Is this a legal situation?
What is the fully qualified name of top level names from C in the composed
schema document?

>>Paul: Imports are easier as there is no changing of anything.  The fully
qualified name from schema C is the namespace it belongs to in its schema.
Importing it does not change this in any fashion.  You cannot "coerce" with
an import.


I would argue that the following possibilities should be considered (I am
not sure that I listed all possibilities and am not sure at all which is the
correct or desired behavior):
* This is illegal and the whole schema processing fails
* A include B import C fails (not all top level names in the composed B and
C can be coerced into the target namespace of A) and the result is only A
include B (ignoring the import of C into B)
* The composed schema is only A itself due to failure of coercing all the
names in the composed B and C schema documents
* The composed schema document includes top level names in A under the
target namespace "A" + top level names in B under the target namespace "A" +
top level names in C under the target namespace "C".

So... what is the correct or desired behavior?

>>Paul: From my perspective, use namespaces explicitly whether it is an
include or an import.  Don't coerce.  But more to your question.  Components
of A and B are both in the namespace of A.  The components of C are in the C
namespace.  There are no errors in doing what you said.  And there are no
combinations  (coercions) of A and C namespaces.



[this is related to my 2nd question]
>>Paul:  The ordering is not significant here.

Is it always the case that the order of processing xsd:import and
xsd:include in a schema document is insignificant?

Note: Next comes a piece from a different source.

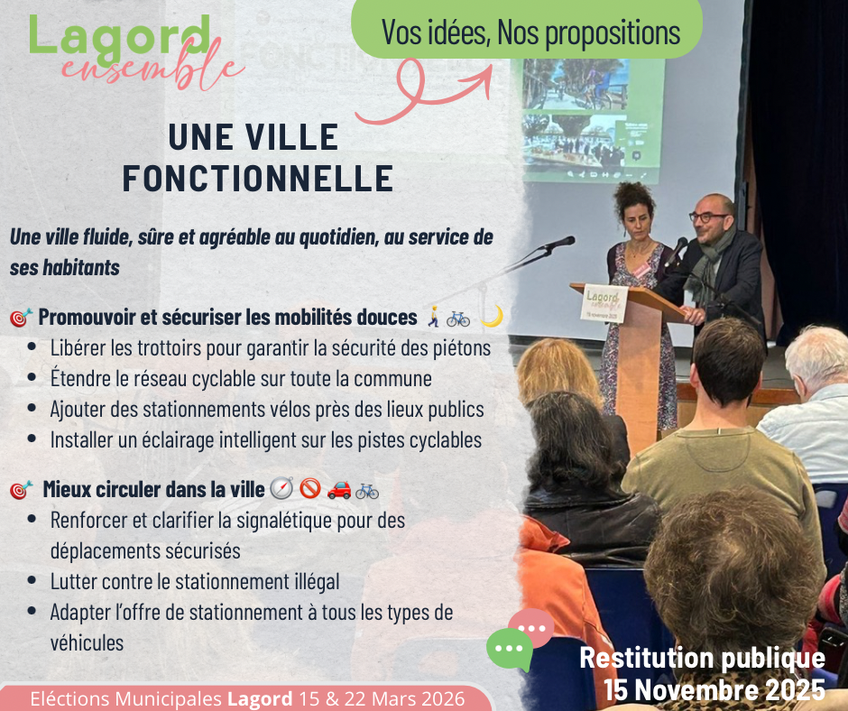 Samedi 15 novembre, nous avons présenté la restitution publique des idées, suggestions et besoins exprimés par les Lagordaises et Lagordais : lors des ateliers citoyens d’octobre, au marché, dans nos rencontres quotidiennes, et au fil de toutes ces discussions qui nourrissent notre démarche depuis le début. 🙌💬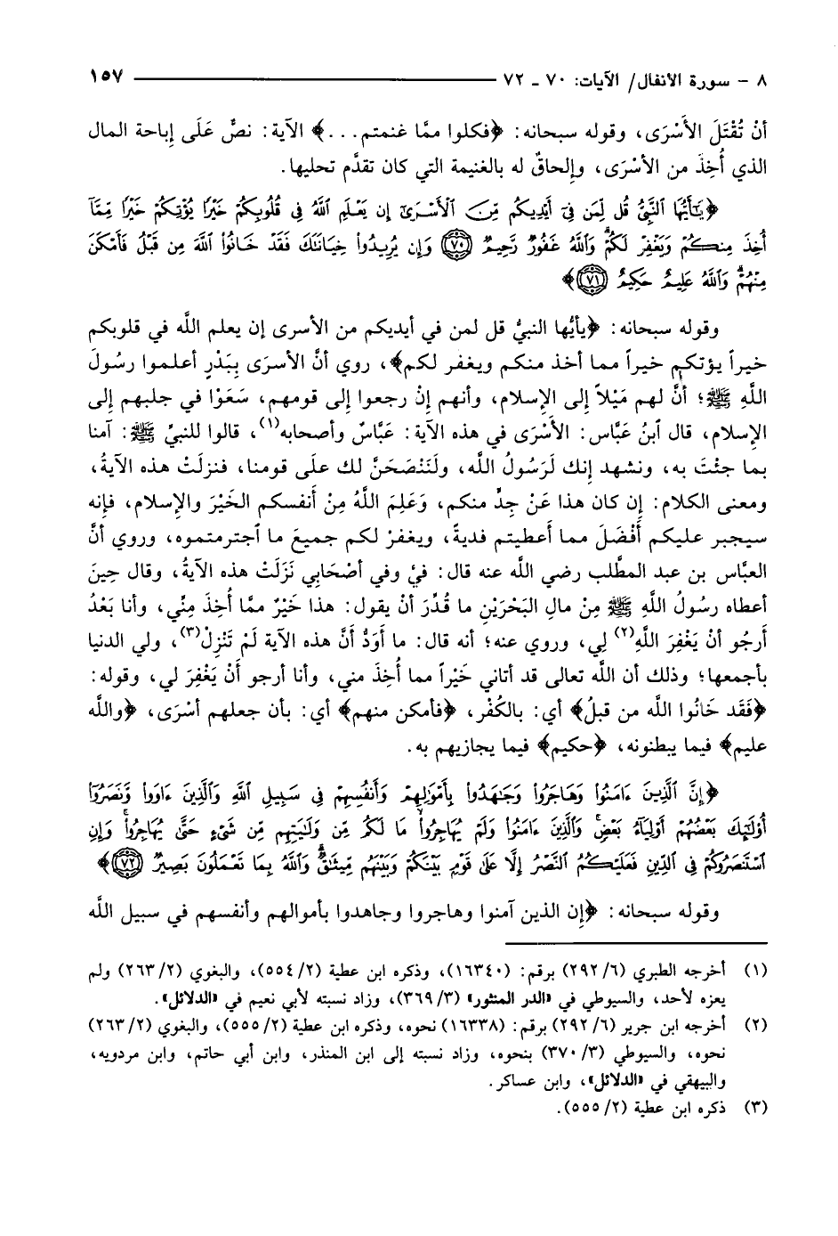 وقوله سبحانه: يا أَيُّهَا النَّبِيُّ قُلْ لِمَنْ فِي أَيْدِيكُمْ مِنَ الْأَسْرى إِنْ يَعْلَمِ اللَّهُ فِي قُلُوبِكُمْ خَيْراً يُؤْتِكُمْ خَيْراً مِمَّا أُخِذَ مِنْكُمْ وَيَغْفِرْ لَكُمْ، روي أنّ الأسرى ببدر أعلموا رسول الله صلّى الله عليه وسلّم أنَّ لهم مَيْلاً إِلى الإِسلام، وأنهم إِنْ رجعوا إِلى قومهم، سَعَوْا في جلبهم إِلى الإِسلام، قال ابن عَبَّاس: الأَسْرَى في هذه الآية: عبّاس وأصحابه «1» ، قالوا للنبيّ صلّى الله عليه وسلّم: آمنا بما جئْتَ به، ونشهد إِنك لَرَسُولُ اللَّه، ولَنَنْصَحَنَّ لك علَى قومنا، فنزلَتْ هذه الآيةُ، ومعنى الكلام: إِن كان هذا عَنْ جِدٍّ منكم، وَعَلِمَ اللَّهُ مِنْ أَنفسكم الخَيْرَ والإِسلام، فإِنه سيجبر عليكم أَفْضَلَ مما أَعطيتم فديةً، ويغفرْ لكم جميعَ ما اجترمتموه، وروي أنَّ العبَّاس بن عبد المطَّلب رضي اللَّه عنه قال: فيَّ وفي أصْحَابِي نَزَلَتْ هذه الآية، وقال حين أعطاه رسول الله صلّى الله عليه وسلّم مِنْ مالِ البَحْرَيْنِ ما قَدِّرَ أنْ يقول: هذا خَيْرٌ ممَّا أُخِذَ مِنِّي، وأنا بَعْدُ أَرجُو أنْ يَغْفِرَ اللَّهِ «2» لِي، وروي عنه أنه قال: ما أَوَدُّ أَنَّ هذه الآية لَمْ تَنْزِلْ «3» ، ولي الدنيا بأجمعها وذلك أن اللَّه تعالى قد أتاني خَيْراً مما أُخِذَ مني، وأنا أرجو أَنْ يَغْفِرَ لي، وقوله:

Or are there examples
where order matters?

>>Paul: the order of imports is never significant.  I don't believe the
order of includes is ever significant either.  The only weird thing I've
seen is when coercive includes are nested multiple times.  Such as:

A (ns="A") includes B (no ns) which includes C (no ns).  In this case all
schema componets belong to namespace "A".  If there were any imports, they
would belong to their own ns and are not effected.

Or:

A (ns="A") imports B (ns="B") which includes C (no ns).  I've seen this
interpreted as C belonging to ns "B" because it is the direct include.  I've
also seen folks think components in C belong in "A" since it is the ultimate
includer/importer.  Of course in either case, A is in ns "A" and B is in ns
"B".  I did some research into this and I would need to do some digging to
find out where things came out.  I'll see if I can dig it up.


[This is related to my 3rd question]
>>Paul: This is where interoperability can be a problem.
>>I would suggest that you keep it to one no-ns schema being
>>included into one ns schema.
>>If you have multiple levels of includes and multiple levels
>>of "coercion" then tools can interpret that differently.
>>To be frank, we ran into problems with namespace coercion
>> and decided to abandon it altogether. 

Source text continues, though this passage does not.